MATERIAL FOR THIS EXERCISE:
****************

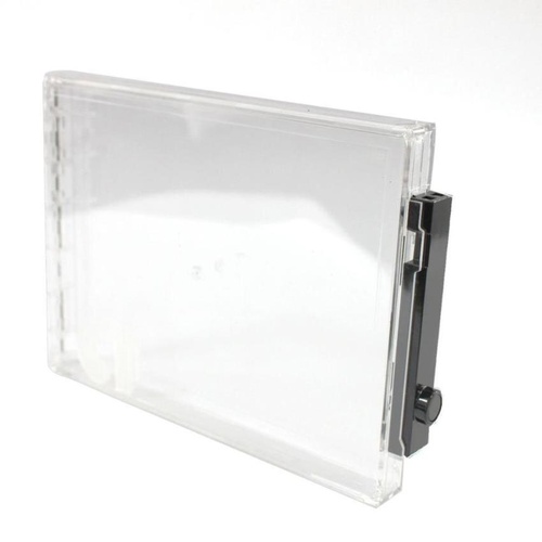Transparent rectangular plastic safers for merchandise security. Protects items from theft with a durable, clear plastic construction.
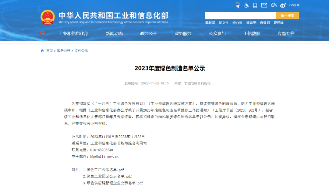为贯彻落实《“十四五”工业绿色发展规划》《工业领域碳达峰实施方案》,持续完善绿色制造体系,助力工业领域碳达峰碳中和,根据《工业和信息化部办公厅关于开展2023年度绿色制造名单推荐工作的通知》(工信厅节函〔2023〕202号),经省级工业和信息化主管部门推荐及专家评审,现将拟确定的2023年度绿色制造名单予以公示。如有异议,请在公示期间内与我们联系,并提交相关证明材料。
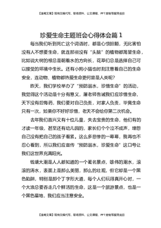 珍爱生命主题班会心得体会篇1.docx
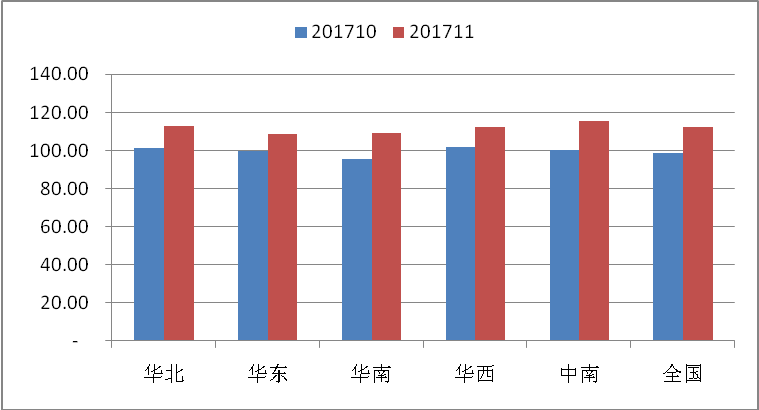 從業(yè)人員需求增加明顯。隨著業(yè)務(wù)旺季的到來,快遞從業(yè)人員規(guī)模迅速增長,11月份人員指數(shù)為112.1%,比上月回升13.4個百分點(diǎn)。其中,華南、中南地區(qū)回升分別達(dá)到13.4個百分點(diǎn)和15.1個百分點(diǎn),華北和華西回升也在10個百分點(diǎn)以上。
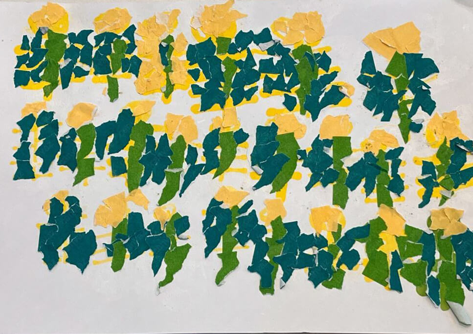 作業の休憩中に菜の花の絵を描き、その上から千切った折り紙を貼っていきました。
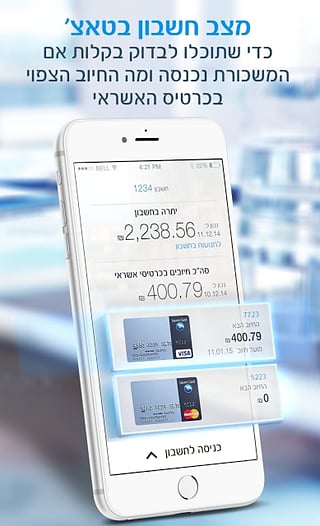 בעזרת האפליקציה ניתן לראות בכל נקודת זמן את מצב החשבון, חיובי כרטיסי האשראי וכל הפעולות הבנקאיות שביצעת. \\r
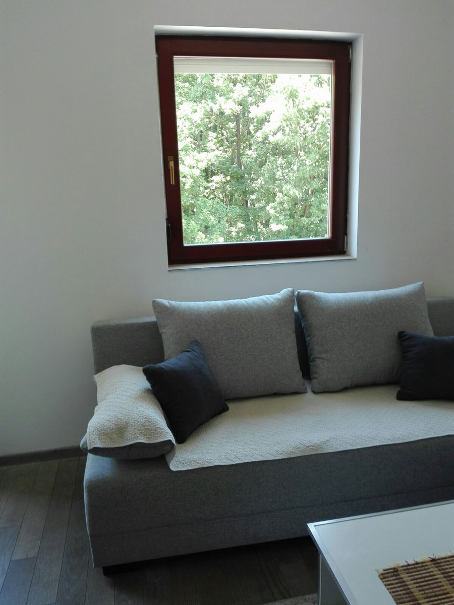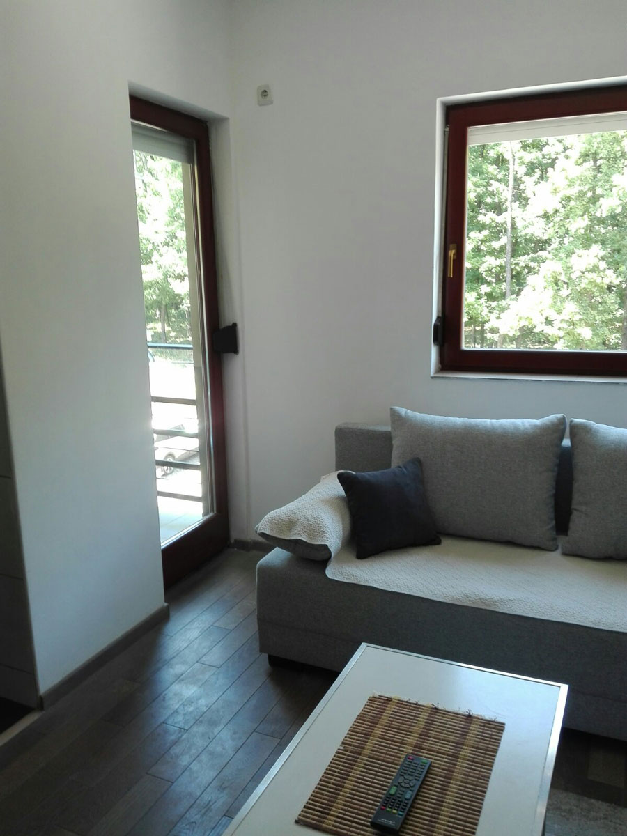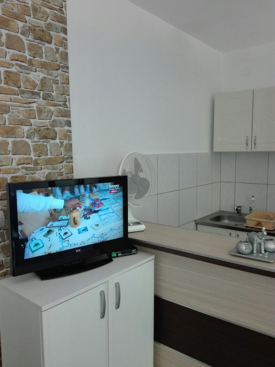 kompletnu kuhinju sa sudovima, dva ležaja koja se rasklapaju, oba su veličine francuskog, TV, neograničeni internet, kupatilo sa tuš kabinom u kome je i veš mašina i lepu terasu sa pogledom na zelenilo.

****************

Could you transcribe exactly the lines from the line containing "בעזרת האפליקציה ניתן" through the final line of the records, both included, and nothing beyond them? The pictures should be left out.

 בעזרת האפליקציה ניתן לראות בכל נקודת זמן את מצב החשבון, חיובי כרטיסי האשראי וכל הפעולות הבנקאיות שביצעת. \\r
 kompletnu kuhinju sa sudovima, dva ležaja koja se rasklapaju, oba su veličine francuskog, TV, neograničeni internet, kupatilo sa tuš kabinom u kome je i veš mašina i lepu terasu sa pogledom na zelenilo.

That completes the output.